(Work instruction)
The reply should hold only the lines below beginning at the one with "匡时财经教育大模型的应用生态建设坚持科教融汇与产教融合双轮驱动。" and ending at the one with "キャラメルとアーモンドが香ば", copied exactly, with every picture left out.
======== Materials provided ========
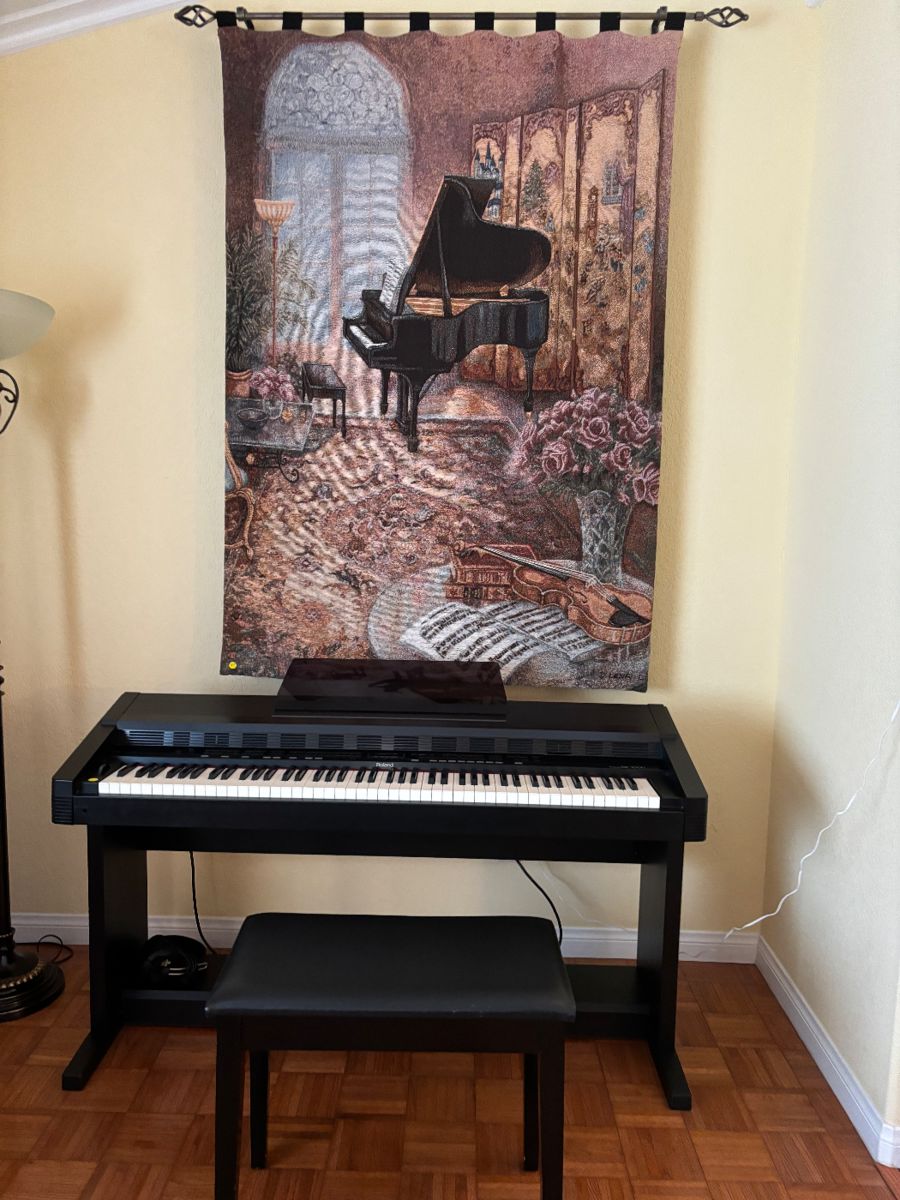 Roland kr-3000 piano, Sheet Music Cabinet, Glassware, Vintage China, Art Work, Dyson v7 absolute Vacuum, Ewave Wine Refrigerator, Small Tables, Dining Room Set and China Cabinet, DVD’S, CD’s(great music), Linens, Collectables, CD Cabinet, Lamps, Large and Middle Size TV’S, Sound System, Desk, Antique Rocker, Leather Sofa, Brass Items, BeautyRest Recharge King Size Bed, Queen size Blow Up Bed, Dresser, Pots and Pans, JacK La Lannie’s Juicer, Kitchen Round Table 4 Chairs, Pyrex, Corning Ware, Hamilton Beach Food Processor, Baking Items, Snapware, Small Appliances, Medical Items much more
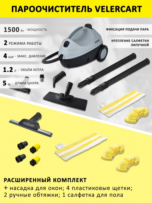 Пароочиститель VELERCART V2 + 1 салфетка для пола, 2 обтяжки для ручной насадки, 4 щёточки, насадка для мытья окон
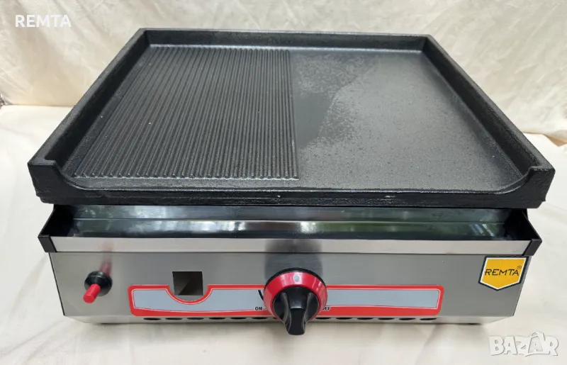 Професионална Газова скара чугунена плоча ½ Оребрена ½ Гладка 50х51см с газова защита CE → Обява 34818403
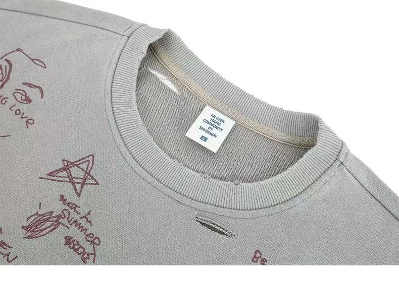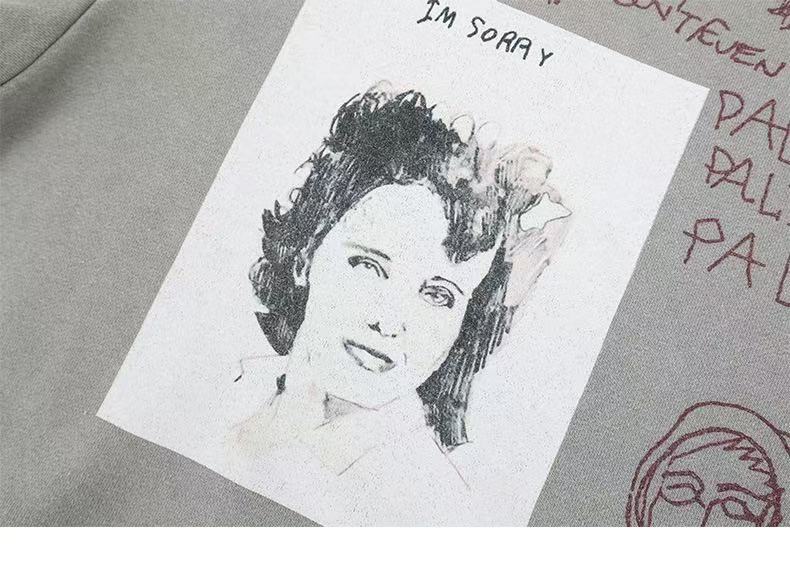 American Streetwear Portrait Graffiti Print Sweatshirt
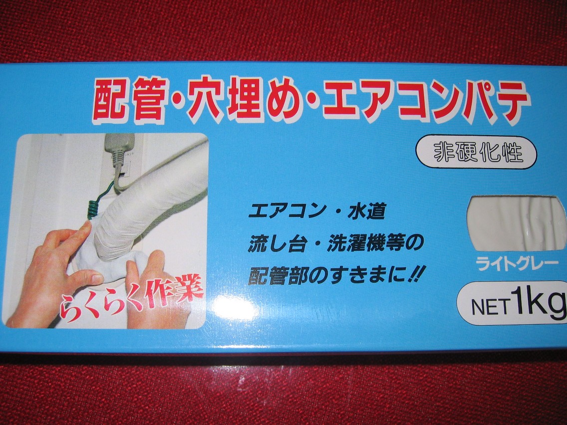 隙間をふさいでいたのです。この粘土、エアコン用パテというのですね。ホームセンターにある
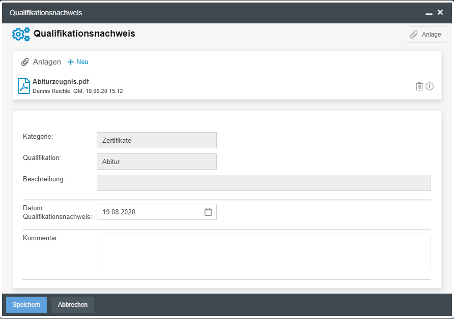 In der Aufgabe kann nun z. B. ein Zertifikat als Dateianlage per Drag & Drop eingefügt werden, das die Qualifikation für den Benutzer nachweist. Zudem dient das in diesem Fenster eingetragene Datum für die Berechnung der Gültigkeit.
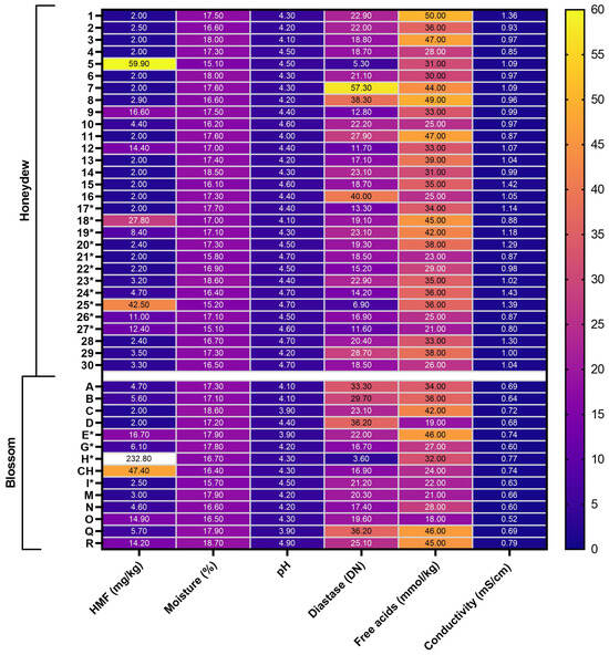 - Chakir, A.; Romane, A.; Marcazzan, G.L.; Ferrazzi, P. Physicochemical Properties of Some Honeys Produced from Different Plants in Morocco. Arab. J. Chem. 2016, 9, S946–S954. [Google Scholar] [CrossRef]
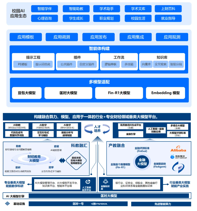 匡时财经教育大模型的应用生态建设坚持科教融汇与产教融合双轮驱动。
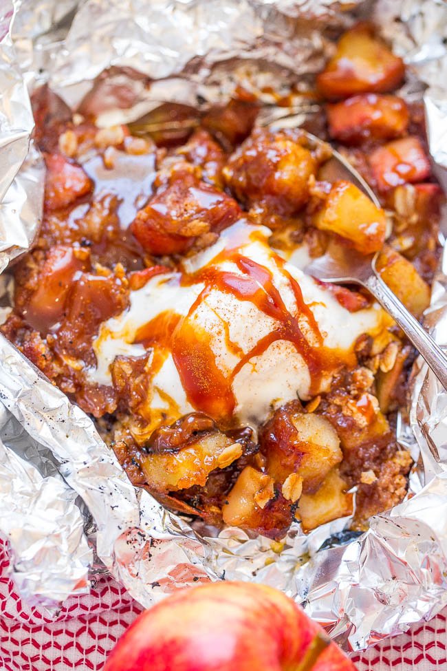 We are drooling over these flavors of caramel and apple in these Caramel Apple Crumble Foil Packs – Averie Cooks.  Who doesn’t love a caramel and apple dessert and the easy cleanup of campfire desserts in foil
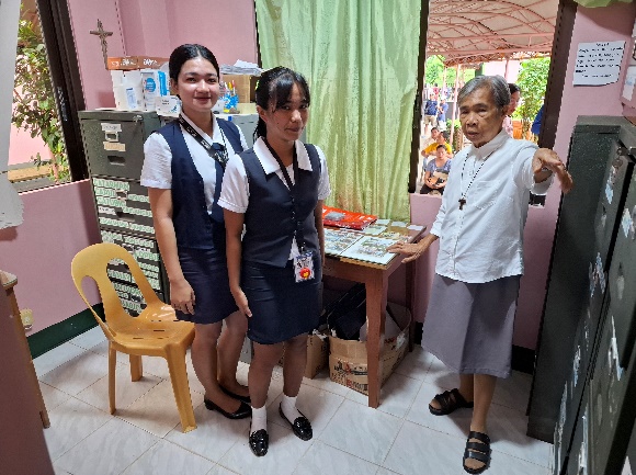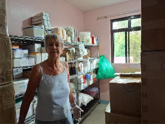 Vom 21. bis zum 26. Februar kam Marion Schlohsnagel aus Koblenz zu uns. Sie besuchte ihren Sohn Philipp in Manila und nutzte, wie jedes Jahr, die Zeit, auch zu uns zu kommen, um zu helfen. Sie räumte unser Verbandsmateriallager auf und sortierte alles und beschriftete es, sodass jeder gut zurechtkommen kann. Es ist eine riesige Hilfe, da ich oft nicht dazu komme, den Raum aufzuräumen, da ich zu viel Arbeit in der Klinik habe. Durch die Beschriftungen in Deutsch und Englisch können nun auch die Freiwilligen die
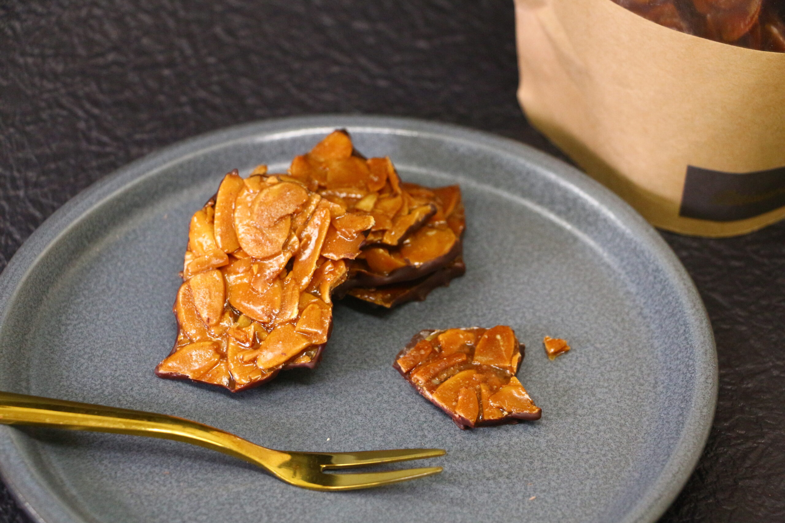 キャラメルとアーモンドが香ばしいヌガチーヌに、アンセム ピュアドミニカ共和国のコクのあるカカオ感が相性抜群です。
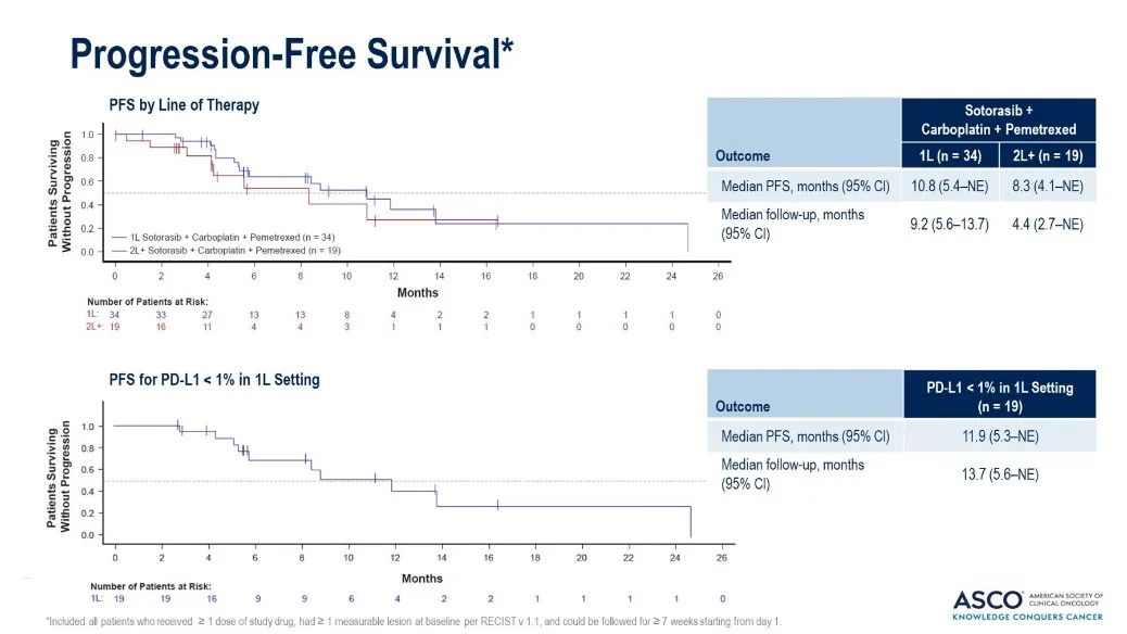 2、第2种组合策略是与化疗联合。2024年ASCO年会公布了CodeBreak101研究结果,该研究入组初治/经治局部晚期或转移性NSCLC患者,携带KRAS G12C突变,符合入组标准的患者接受索托拉西布960mg,口服,每日一次联合标准剂量的含铂双药化疗,4周期后如果患者无进展,给予索托拉西布联合培美曲塞的维持治疗,主要终点为安全性及耐受性,次要研究终点为ORR、PFS等。最终,初治和经治组分别入组37例和21例患者,分别有97%和95%的患者基线有远处转移病灶,其中脑转移比例分别为16%和24%,3级以上治疗相关不良反应发生率分别为49%和62%,较常见为中性粒细胞降低,发生率分别为30%和29%,ORR分别为65%和42%,DCR分别为100%和84%,中位PFS分别为10.8个月和8.3个月。其中,PD-L1<1%的患者,一线治疗的中位PFS为11.9个月。
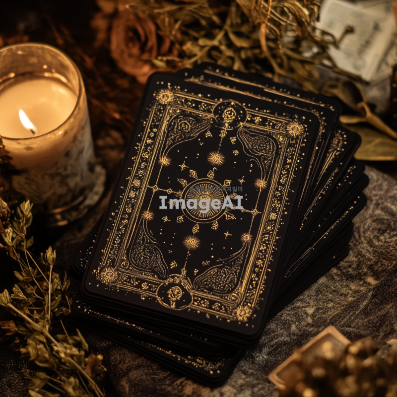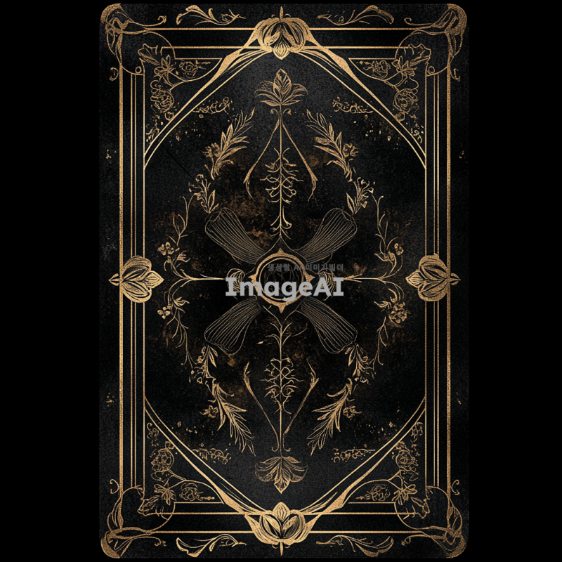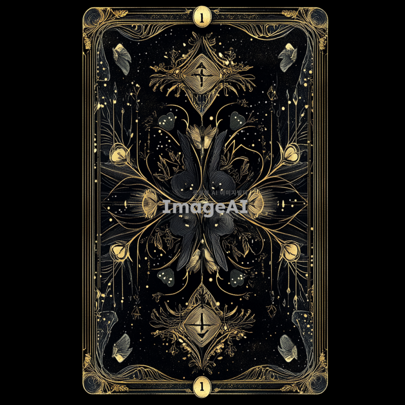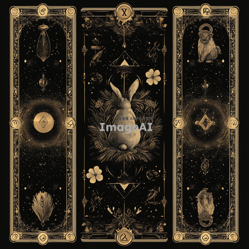 신비롭고 고풍스러운 타로카드 뒷면 디자인, 클로버와 슈나우저 토끼의 그림이 섞여있고 복잡한 기하학적 패턴과 자연 요소가 어우러진 모습, 어두운 배경에 금색과 은색의 세밀한 장식, 마법적이고 신비로운 분위기, 고대의 상징과 문양이 조화롭게 배치된 디자인, 고급스러운 질감과 깊이감을 강조
========
(Task solution)
 匡时财经教育大模型的应用生态建设坚持科教融汇与产教融合双轮驱动。
 We are drooling over these flavors of caramel and apple in these Caramel Apple Crumble Foil Packs – Averie Cooks.  Who doesn’t love a caramel and apple dessert and the easy cleanup of campfire desserts in foil
 Vom 21. bis zum 26. Februar kam Marion Schlohsnagel aus Koblenz zu uns. Sie besuchte ihren Sohn Philipp in Manila und nutzte, wie jedes Jahr, die Zeit, auch zu uns zu kommen, um zu helfen. Sie räumte unser Verbandsmateriallager auf und sortierte alles und beschriftete es, sodass jeder gut zurechtkommen kann. Es ist eine riesige Hilfe, da ich oft nicht dazu komme, den Raum aufzuräumen, da ich zu viel Arbeit in der Klinik habe. Durch die Beschriftungen in Deutsch und Englisch können nun auch die Freiwilligen die
 キャラメルとアーモンドが香ばしいヌガチーヌに、アンセム ピュアドミニカ共和国のコクのあるカカオ感が相性抜群です。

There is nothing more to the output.